With a couple of steppers, you could rig up a quick small X,Y table to bolt on the mill. (semi-automatic) CNC. Even if the travel would be small, the rest could be done with the aid of the DRO and table


----------



## BAH101 (Jan 22, 2011)

Why not say "Made from Aircraft grade aluminum", that would make it "Fly" off the shelves :big:


----------



## kcmillin (Jan 22, 2011)

Thanks Guys. 

Kevin, I like your router Idea. I have done this with wood a long time ago, but those letters were recessed into the wood. How would I make a template for raised letters? Currently my brain is telling me that it would take multiple templates, and even then I am not sure. The space between the letters is the same size as the end mill, so a bushing would make it even bigger. 

When I setup the DRO to mill the rounded parts of the R and C, I used a max cut parameter of .010. This made 42 way points for 1/4 of a circle with a .225" radius. Once I was done I checked the part with a 60X jewelers magnifying glass, I could barely make out the jaggedness. I was moving both handles at a time, as to create a more smooth surface. I am going to try to increase the max cut, this will decrease the amount time spent pushing buttons, I wish I had a foot switch option on my DRO. If I can get the time down to an hour and a half I would be happy. 

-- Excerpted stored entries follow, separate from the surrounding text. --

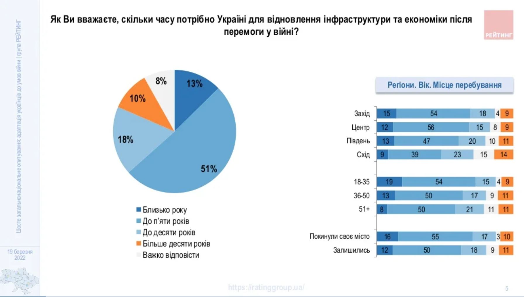 Так, 51% громадян переконаний, що на відбудову країни вистачить п’яти років. Ще 13% впевнені, що для цього знадобиться до року.
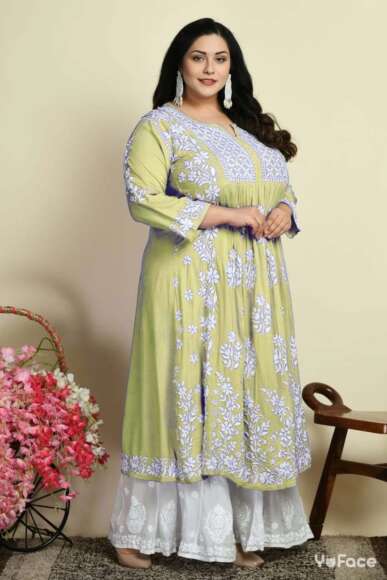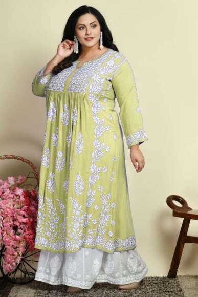- Design: Hand-embroidered Chikankari with delicate floral motifs.
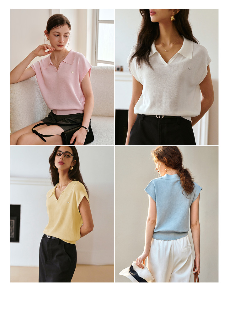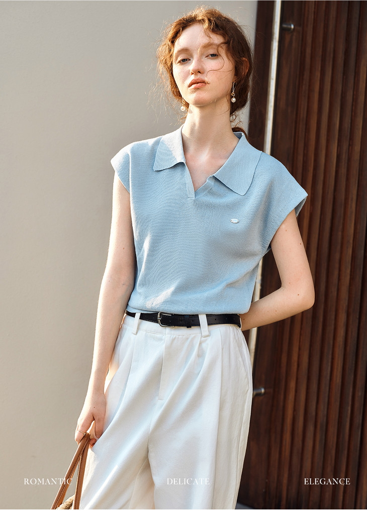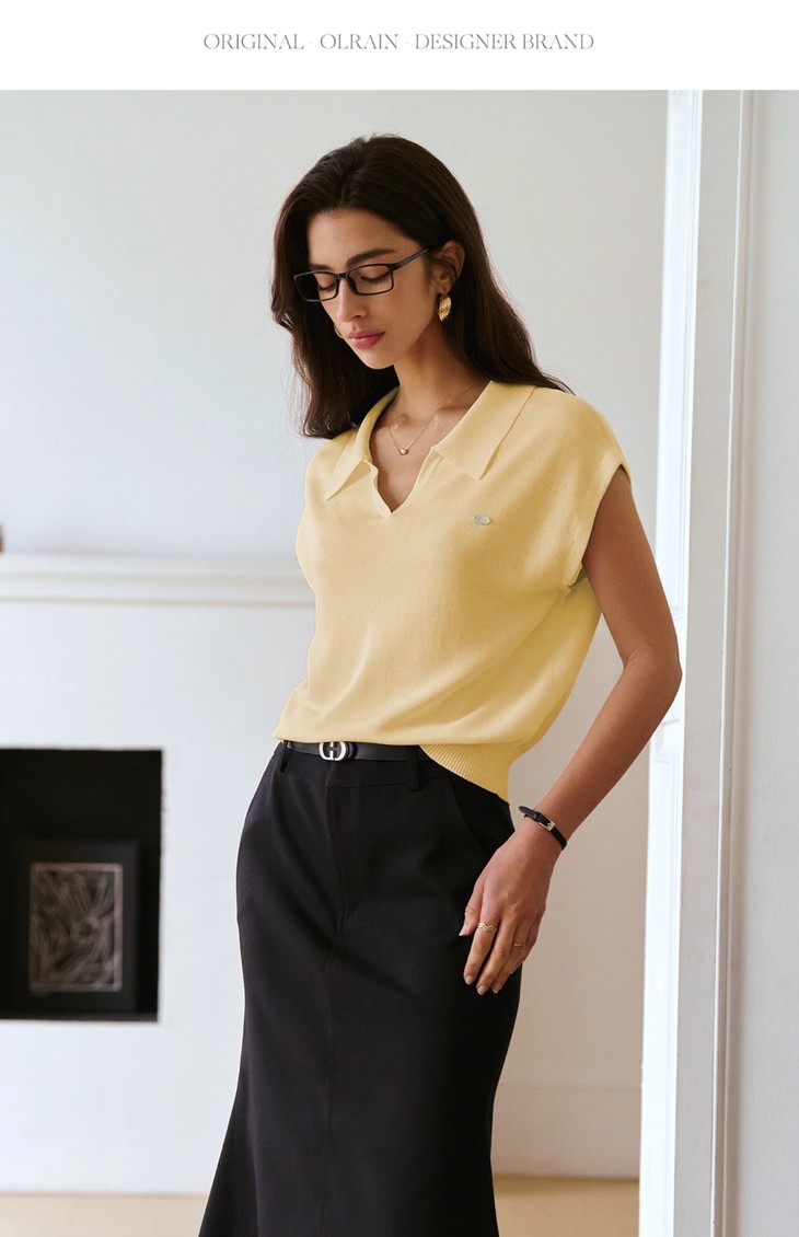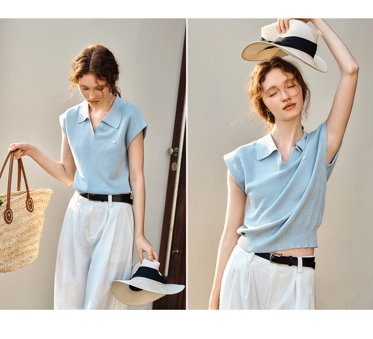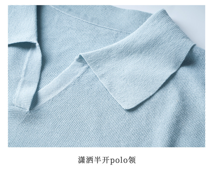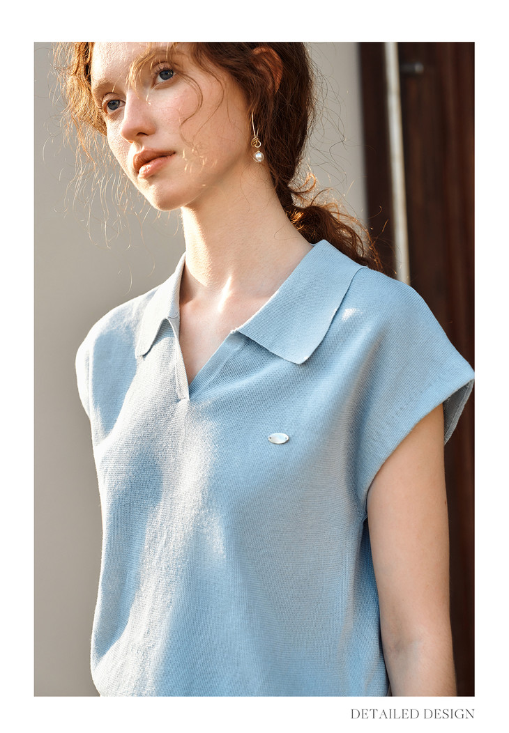 OLrain欧芮儿蓝色POLO领针织衫春季2025年新款通勤小盖袖套头衫
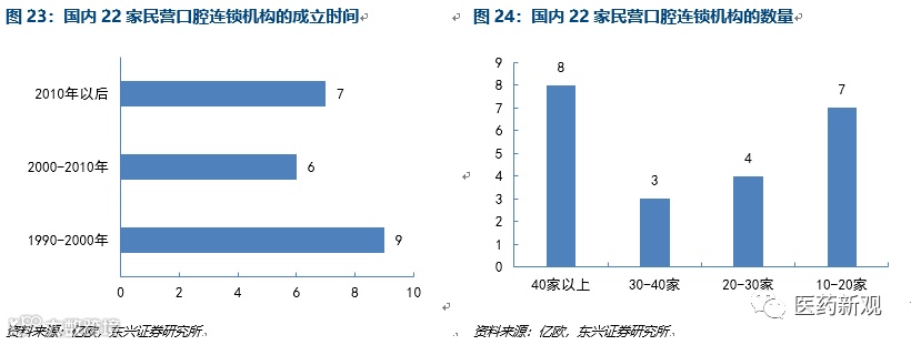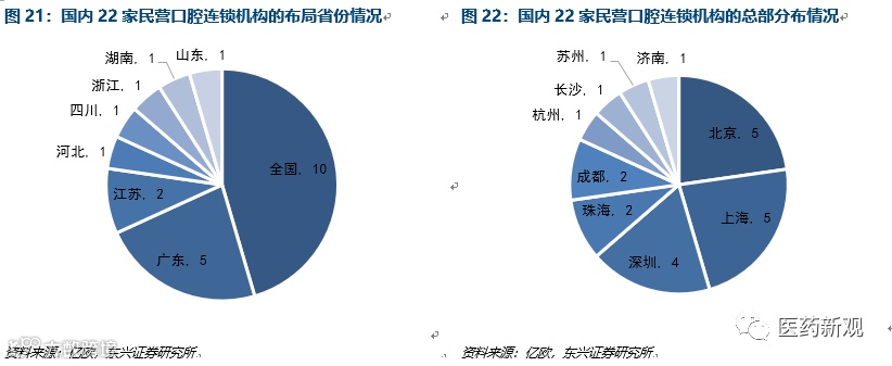 口腔医疗消费市场结构区域化明显,民营资本涌入经济发达区域。口腔医疗为消费医疗,相比普通医疗而言,拥有更多的消费属性。口腔医疗服务在拥有更大消费能力的一线二线城市发展迅速。22家的民营口腔连锁机构中的10家口腔机构在全国范围内进行布局,其余5家在广东布局,2家在江苏布局。22家口腔机构中有14家的总部位于北京、上海、深圳一线城市,在珠海、成都分别有2家。
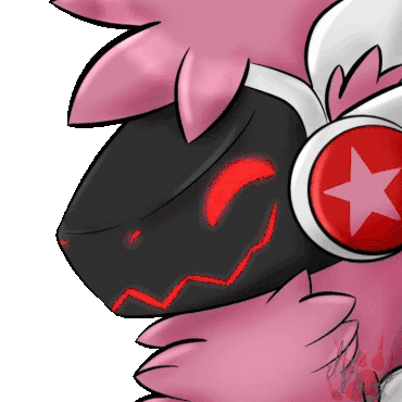 An animated sticker of a pink and black protogen character with headphones, featuring a glowing red visor expression.

I have been dreaming of owning a CNC machine for quite some time. I am hoping this adventure will create some investment capitol, in which I can put towards CNC. I like the idea of a dedicated x-y table for CNC, but I am really more interested in a turn key unit, like the ones on the LMS web site. I still find making a CNC machine to be a little intimidating, with all that is necessary to purchase, and then make all the bracketry, plus software license and machine, It is worth it for me to spend the extra money for a ready to use unit. I still want my manual machine to be manual. So converting it is out of the question.

Kel


----------



## RonGinger (Jan 22, 2011)

CNC is clearly the way to make these kinds of letters. I suspect it would take me less than 10 minutes to generate the code and probably only 10-15 minutes to run one in aluminum.

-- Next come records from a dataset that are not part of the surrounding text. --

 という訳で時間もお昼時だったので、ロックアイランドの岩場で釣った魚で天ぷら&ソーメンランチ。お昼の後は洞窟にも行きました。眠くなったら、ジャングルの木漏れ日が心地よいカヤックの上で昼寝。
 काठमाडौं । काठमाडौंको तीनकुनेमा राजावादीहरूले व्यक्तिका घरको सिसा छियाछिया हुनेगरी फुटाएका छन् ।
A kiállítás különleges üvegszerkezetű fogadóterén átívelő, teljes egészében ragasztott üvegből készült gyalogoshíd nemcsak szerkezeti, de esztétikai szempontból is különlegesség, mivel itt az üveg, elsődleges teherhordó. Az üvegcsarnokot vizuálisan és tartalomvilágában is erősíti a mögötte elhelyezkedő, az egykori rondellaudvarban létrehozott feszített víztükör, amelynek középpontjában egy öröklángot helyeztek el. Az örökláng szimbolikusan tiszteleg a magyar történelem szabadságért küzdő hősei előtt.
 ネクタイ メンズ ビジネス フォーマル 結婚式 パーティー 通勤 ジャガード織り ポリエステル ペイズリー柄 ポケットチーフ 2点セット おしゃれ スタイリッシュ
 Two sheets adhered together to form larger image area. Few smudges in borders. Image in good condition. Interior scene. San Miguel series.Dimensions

I like the KX1 mill from LMS. After I made the agreement to run the seminar at Cabin Fever I got looking close at the machine and wound up buying one for myself, even though I have a bigger Jet knee mill that is CNC. It is a very well built machine and runs right out of the box.

I am now working on a plan to run a class at the CNC workshop in June that would involve a group purchase of mills and conversion kits and during the week we would build and test the machines. We are planning on just 10 slots in the class. Details are still open, but it might be a way to spend 4 day, get a CNC machine and attend many other seminars on CNC. I will post details here when they are developed.


----------



## mklotz (Jan 22, 2011)

Kel,

If you can't see the scallops under 60X magnification, I'd say you're using too fine a step size. 90/42 = 2.14 deg. Open it up to five deg and your step count will be reduced to 90/5 = 18.

BTW, good onya for demonstrating that one doesn't need a CNC setup to do a one/few-off job(s).


----------